## Task requirements
Below is a listing; write it out exactly and drop any images from it.

## Data extract
--------------------------------------------------
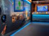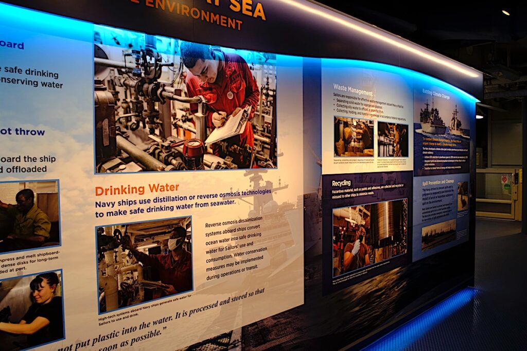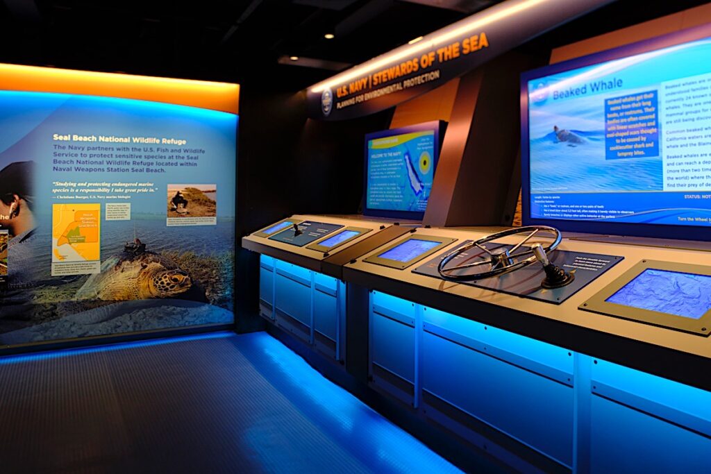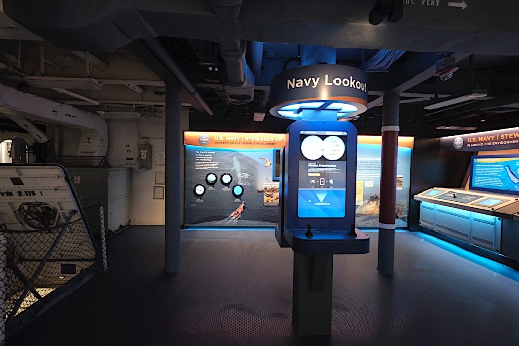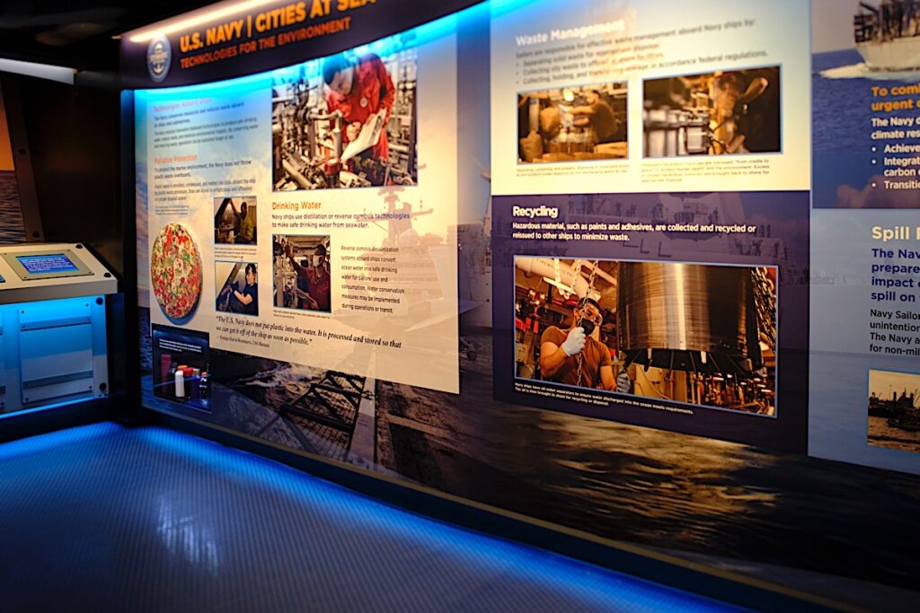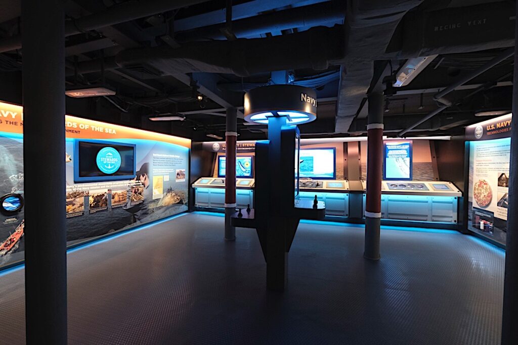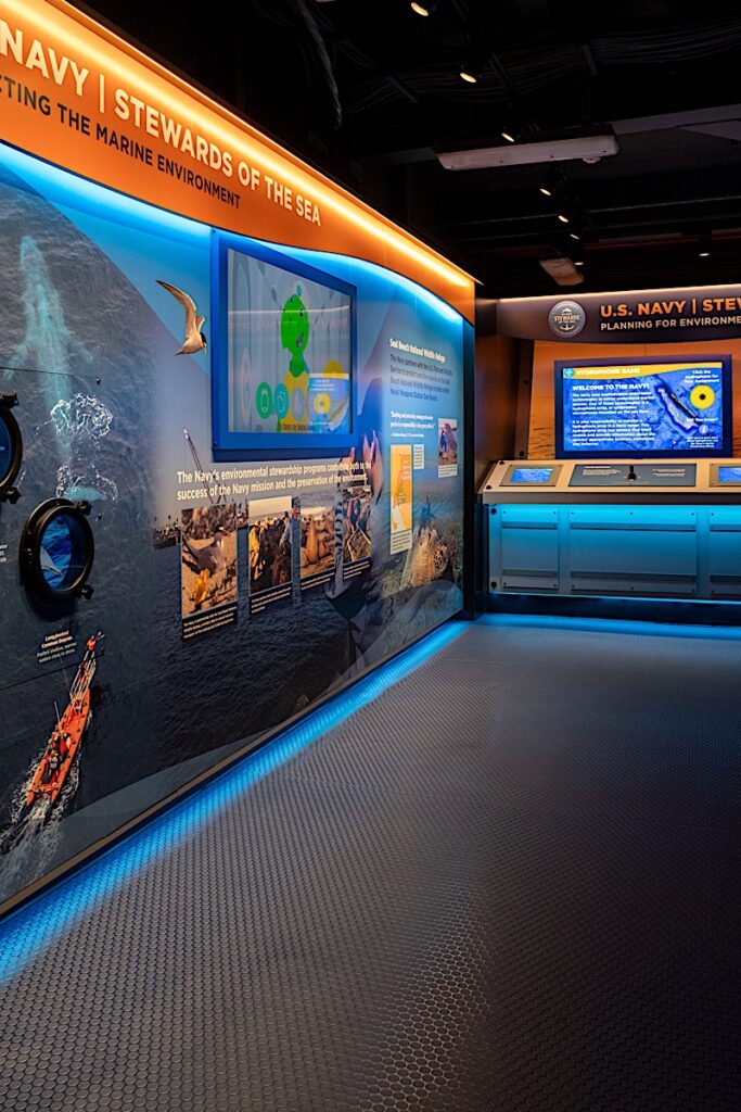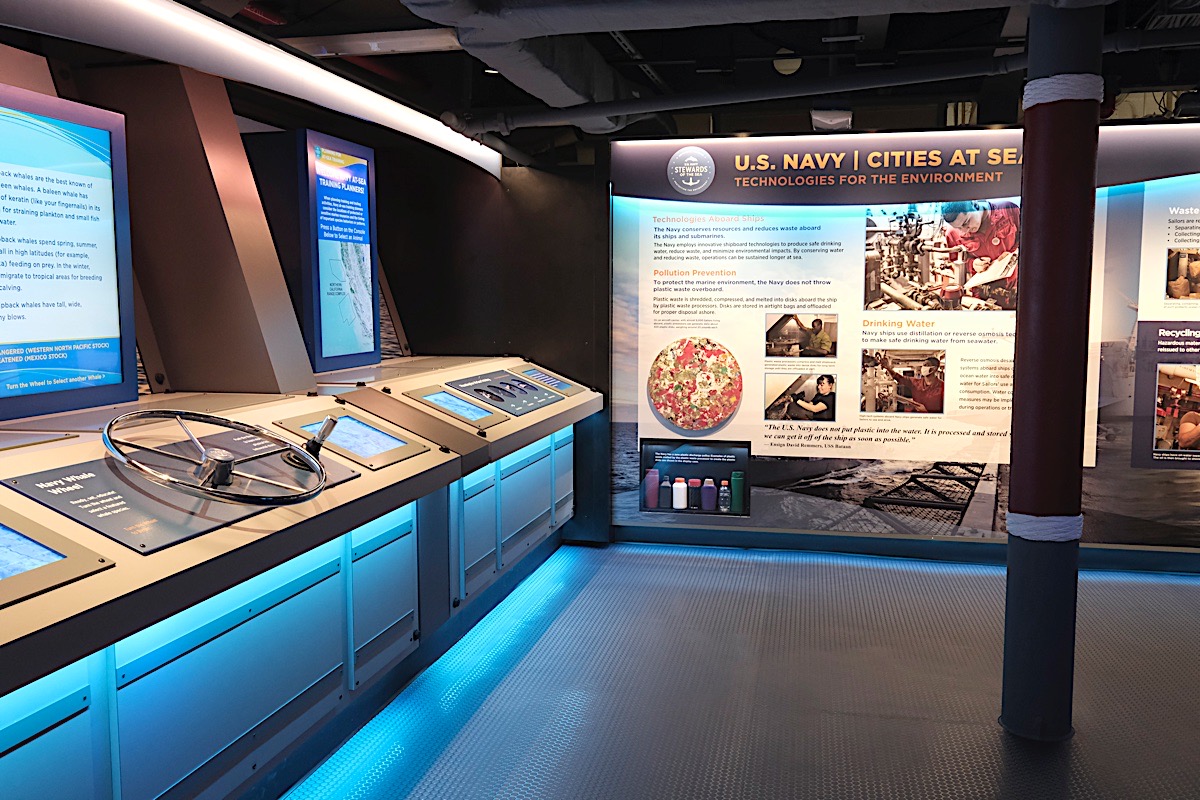 Description: The US Navy: Stewards of the Sea exhibit is an informative three-walled exhibit with full-height graphic walls, flat screen monitors, interactive hydrophone game and recycling demonstration. The exhibit documents the US Navy’s work in marine ecology, protecting sea life and ocean environments. Because the exhibit is on an actual battleship, belowdecks, selection, installation and focus of lighting instruments is more difficult than it would be in a traditional museum environment.
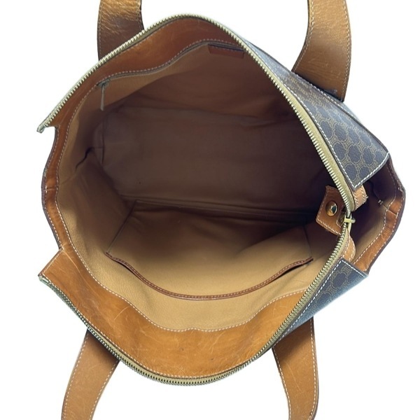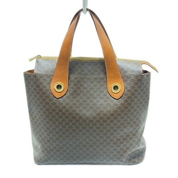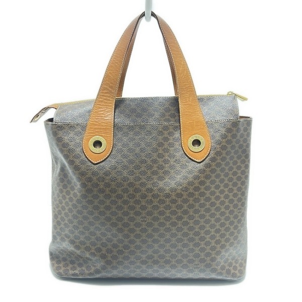 セリーヌ CELINE ハンドバッグ サークルロゴ,マカダム柄 レザー ダークブラウン×ライトブラウン×ブラウン バッグ
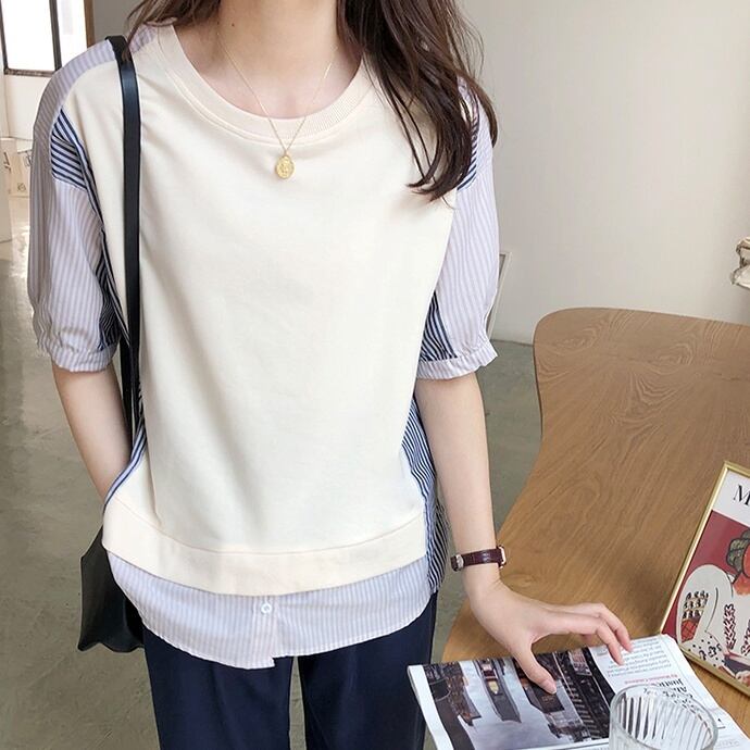 トップス Tシャツ シャツ ブラウス 白シャツ 白トップス 袖あり 5分袖 五分袖 Uネック ラウンドネック 襟なし 切り替えデザイン 薄手 0 かわいい 大人可愛い きれいめ カジュアル 大人 上品 おしゃれ お洒落 レトロ 大人可愛い こなれ感 ラブリー キュート ガーリー 抜け感 柄 ストライプ 0 夏 2021 20代 30代 女性用 ママ 女の子 デート お出かけ 公園デビュー 女子会 お泊まり 休日 イベント リゾート 旅行 海 プール 着回し 普段使い 韓国 韓国系 オルチャン
--------------------------------------------------
## Solution below
 Description: The US Navy: Stewards of the Sea exhibit is an informative three-walled exhibit with full-height graphic walls, flat screen monitors, interactive hydrophone game and recycling demonstration. The exhibit documents the US Navy’s work in marine ecology, protecting sea life and ocean environments. Because the exhibit is on an actual battleship, belowdecks, selection, installation and focus of lighting instruments is more difficult than it would be in a traditional museum environment.
 セリーヌ CELINE ハンドバッグ サークルロゴ,マカダム柄 レザー ダークブラウン×ライトブラウン×ブラウン バッグ
 トップス Tシャツ シャツ ブラウス 白シャツ 白トップス 袖あり 5分袖 五分袖 Uネック ラウンドネック 襟なし 切り替えデザイン 薄手 0 かわいい 大人可愛い きれいめ カジュアル 大人 上品 おしゃれ お洒落 レトロ 大人可愛い こなれ感 ラブリー キュート ガーリー 抜け感 柄 ストライプ 0 夏 2021 20代 30代 女性用 ママ 女の子 デート お出かけ 公園デビュー 女子会 お泊まり 休日 イベント リゾート 旅行 海 プール 着回し 普段使い 韓国 韓国系 オルチャン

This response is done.